**Task statement:** Every record is to be copied unchanged, except that its pictures are removed.

Task inputs Start Marker

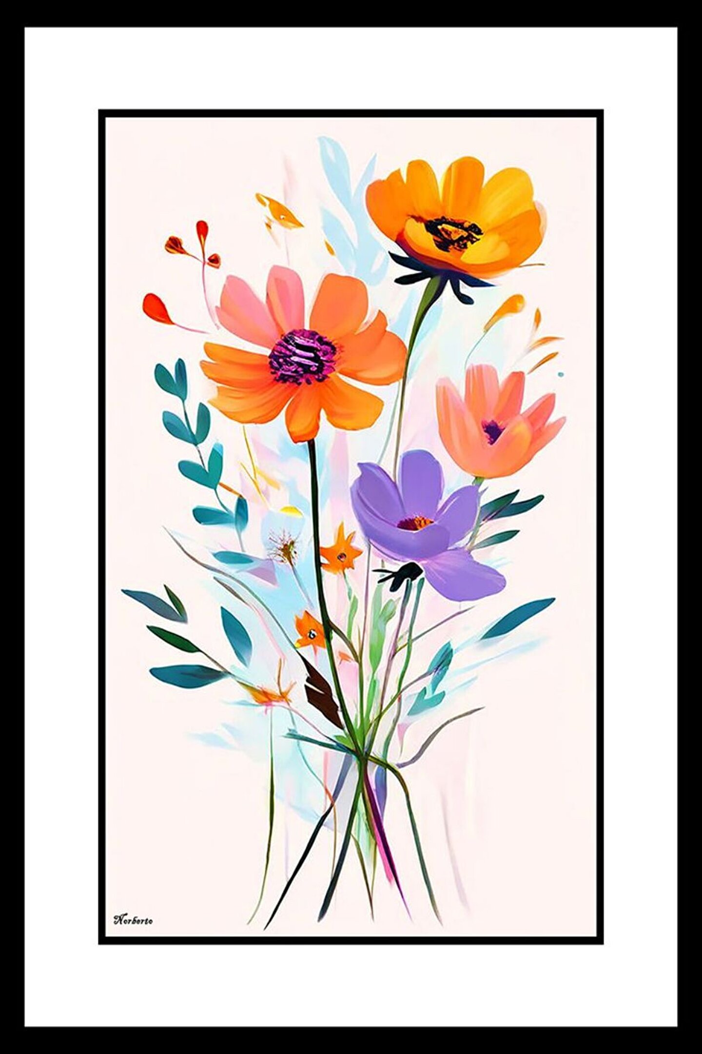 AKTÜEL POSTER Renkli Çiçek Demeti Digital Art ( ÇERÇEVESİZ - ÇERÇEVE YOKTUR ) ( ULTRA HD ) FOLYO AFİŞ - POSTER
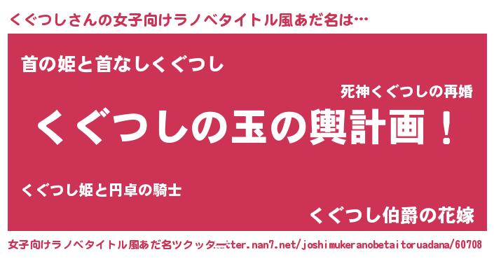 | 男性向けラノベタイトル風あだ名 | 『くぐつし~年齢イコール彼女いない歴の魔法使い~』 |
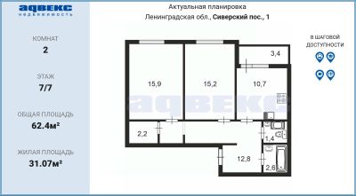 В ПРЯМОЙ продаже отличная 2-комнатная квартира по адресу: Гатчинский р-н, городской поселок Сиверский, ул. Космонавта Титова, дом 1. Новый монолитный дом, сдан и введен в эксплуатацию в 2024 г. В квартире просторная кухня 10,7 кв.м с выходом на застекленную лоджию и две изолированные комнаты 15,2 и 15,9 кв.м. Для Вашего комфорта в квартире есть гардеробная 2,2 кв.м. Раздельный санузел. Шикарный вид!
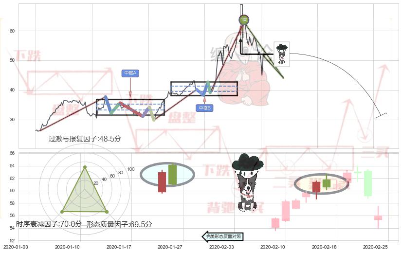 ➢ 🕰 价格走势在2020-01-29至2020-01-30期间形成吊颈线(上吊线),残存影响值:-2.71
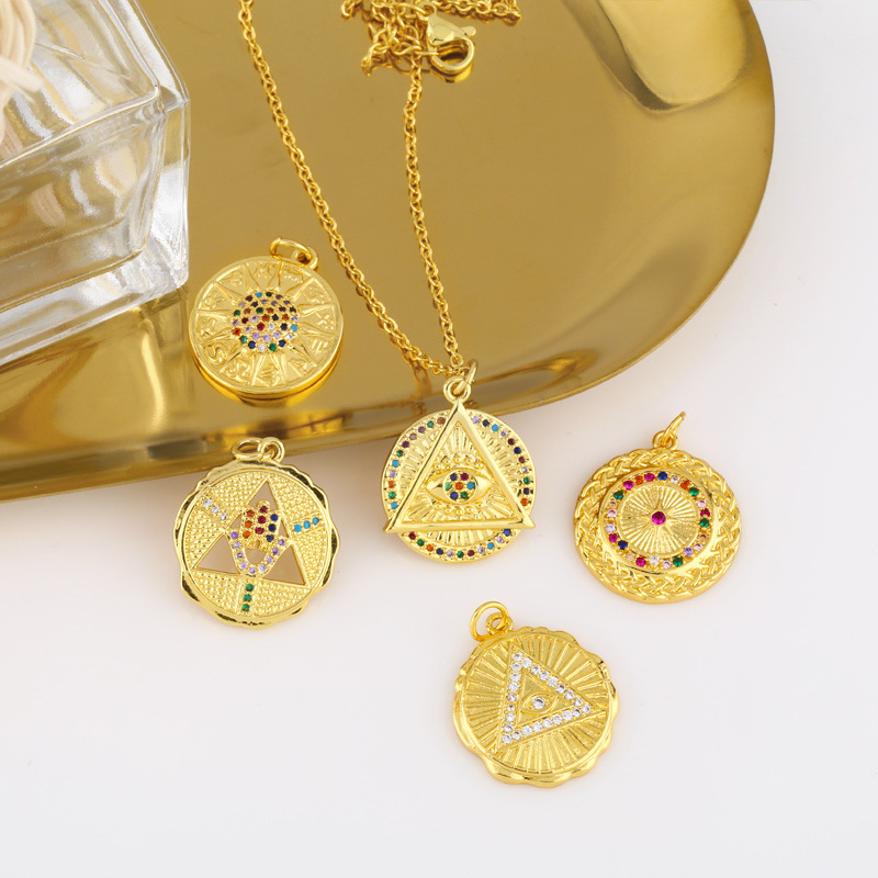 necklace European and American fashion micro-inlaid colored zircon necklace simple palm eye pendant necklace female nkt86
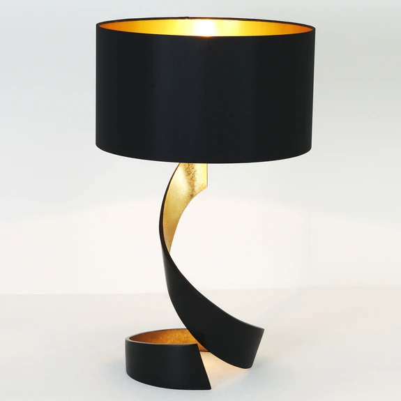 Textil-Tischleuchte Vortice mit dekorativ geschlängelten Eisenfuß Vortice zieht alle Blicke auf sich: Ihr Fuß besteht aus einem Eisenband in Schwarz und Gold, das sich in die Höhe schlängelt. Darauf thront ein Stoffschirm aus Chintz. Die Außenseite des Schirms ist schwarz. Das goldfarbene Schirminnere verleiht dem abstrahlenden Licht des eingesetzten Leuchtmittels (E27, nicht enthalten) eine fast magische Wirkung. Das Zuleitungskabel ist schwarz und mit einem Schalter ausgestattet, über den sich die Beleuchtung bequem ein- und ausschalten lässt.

Task inputs End Marker

**Problem solution:**
 AKTÜEL POSTER Renkli Çiçek Demeti Digital Art ( ÇERÇEVESİZ - ÇERÇEVE YOKTUR ) ( ULTRA HD ) FOLYO AFİŞ - POSTER
 | 男性向けラノベタイトル風あだ名 | 『くぐつし~年齢イコール彼女いない歴の魔法使い~』 |
 В ПРЯМОЙ продаже отличная 2-комнатная квартира по адресу: Гатчинский р-н, городской поселок Сиверский, ул. Космонавта Титова, дом 1. Новый монолитный дом, сдан и введен в эксплуатацию в 2024 г. В квартире просторная кухня 10,7 кв.м с выходом на застекленную лоджию и две изолированные комнаты 15,2 и 15,9 кв.м. Для Вашего комфорта в квартире есть гардеробная 2,2 кв.м. Раздельный санузел. Шикарный вид!
 ➢ 🕰 价格走势在2020-01-29至2020-01-30期间形成吊颈线(上吊线),残存影响值:-2.71
 necklace European and American fashion micro-inlaid colored zircon necklace simple palm eye pendant necklace female nkt86
 Textil-Tischleuchte Vortice mit dekorativ geschlängelten Eisenfuß Vortice zieht alle Blicke auf sich: Ihr Fuß besteht aus einem Eisenband in Schwarz und Gold, das sich in die Höhe schlängelt. Darauf thront ein Stoffschirm aus Chintz. Die Außenseite des Schirms ist schwarz. Das goldfarbene Schirminnere verleiht dem abstrahlenden Licht des eingesetzten Leuchtmittels (E27, nicht enthalten) eine fast magische Wirkung. Das Zuleitungskabel ist schwarz und mit einem Schalter ausgestattet, über den sich die Beleuchtung bequem ein- und ausschalten lässt.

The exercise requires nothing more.